**Recorded data:**
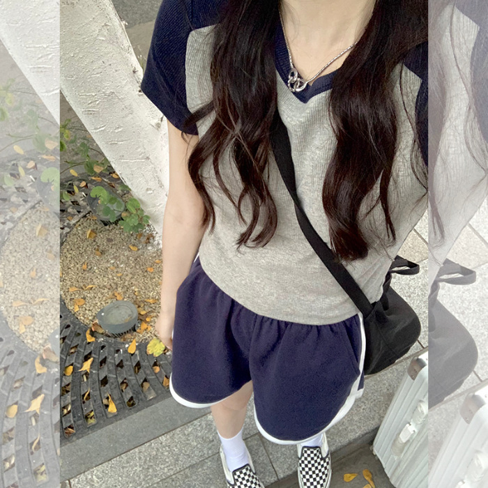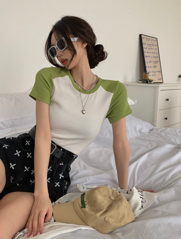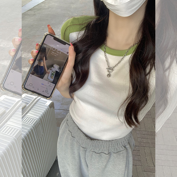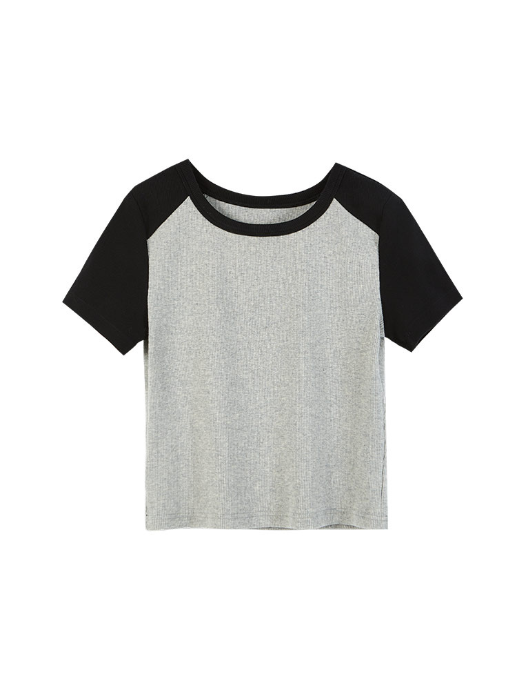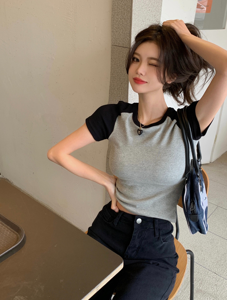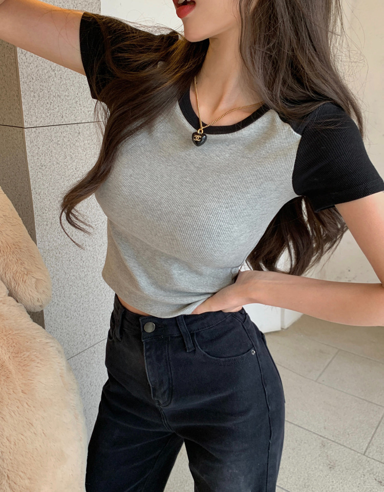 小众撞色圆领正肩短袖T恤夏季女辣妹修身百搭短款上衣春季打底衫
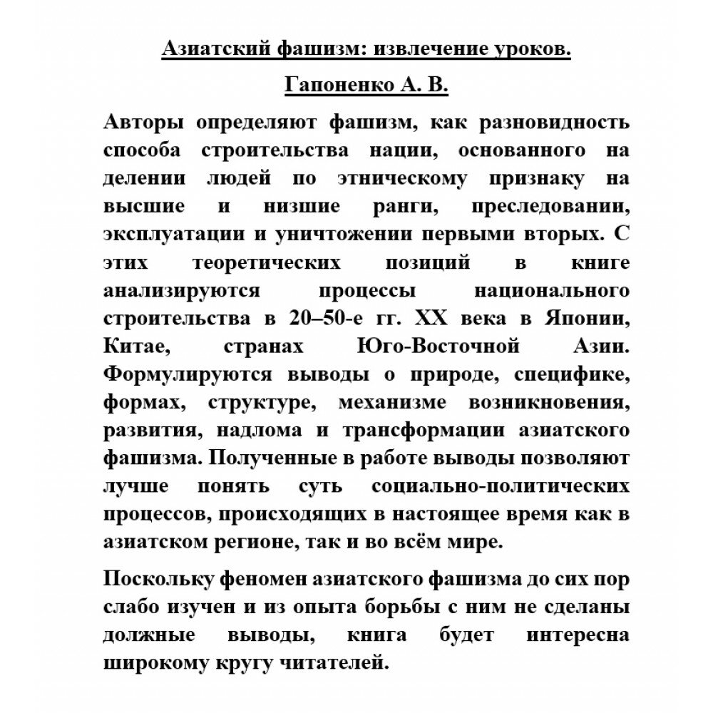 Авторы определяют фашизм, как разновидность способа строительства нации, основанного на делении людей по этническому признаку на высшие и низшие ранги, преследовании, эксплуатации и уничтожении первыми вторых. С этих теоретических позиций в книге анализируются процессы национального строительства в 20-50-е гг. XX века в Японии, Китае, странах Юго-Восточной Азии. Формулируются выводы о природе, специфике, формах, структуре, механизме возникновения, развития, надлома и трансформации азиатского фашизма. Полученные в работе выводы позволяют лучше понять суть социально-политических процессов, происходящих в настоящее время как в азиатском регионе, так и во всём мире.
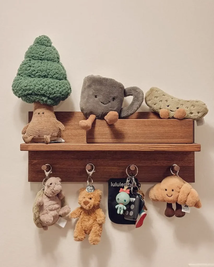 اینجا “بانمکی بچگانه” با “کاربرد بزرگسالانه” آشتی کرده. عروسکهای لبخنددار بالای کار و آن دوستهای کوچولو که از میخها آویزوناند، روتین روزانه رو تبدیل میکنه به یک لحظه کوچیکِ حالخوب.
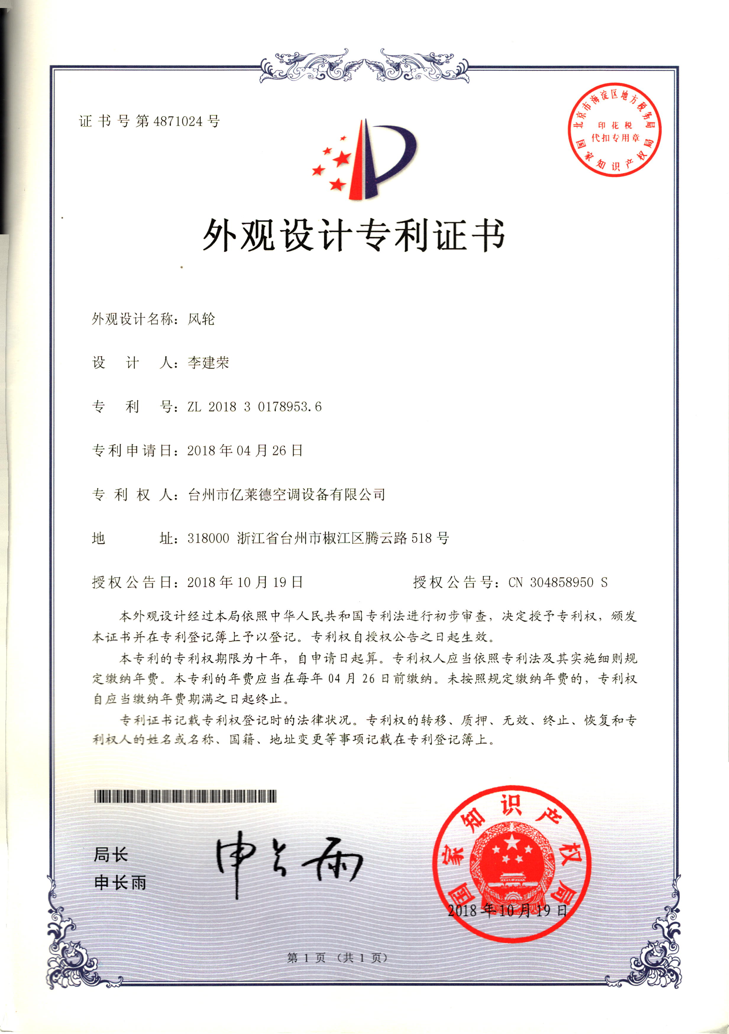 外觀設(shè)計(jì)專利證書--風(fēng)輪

**Work request:** Output the material word for word, and keep the pictures out.

**Exercise answer:**
 小众撞色圆领正肩短袖T恤夏季女辣妹修身百搭短款上衣春季打底衫
 Авторы определяют фашизм, как разновидность способа строительства нации, основанного на делении людей по этническому признаку на высшие и низшие ранги, преследовании, эксплуатации и уничтожении первыми вторых. С этих теоретических позиций в книге анализируются процессы национального строительства в 20-50-е гг. XX века в Японии, Китае, странах Юго-Восточной Азии. Формулируются выводы о природе, специфике, формах, структуре, механизме возникновения, развития, надлома и трансформации азиатского фашизма. Полученные в работе выводы позволяют лучше понять суть социально-политических процессов, происходящих в настоящее время как в азиатском регионе, так и во всём мире.
 اینجا “بانمکی بچگانه” با “کاربرد بزرگسالانه” آشتی کرده. عروسکهای لبخنددار بالای کار و آن دوستهای کوچولو که از میخها آویزوناند، روتین روزانه رو تبدیل میکنه به یک لحظه کوچیکِ حالخوب.
 外觀設(shè)計(jì)專利證書--風(fēng)輪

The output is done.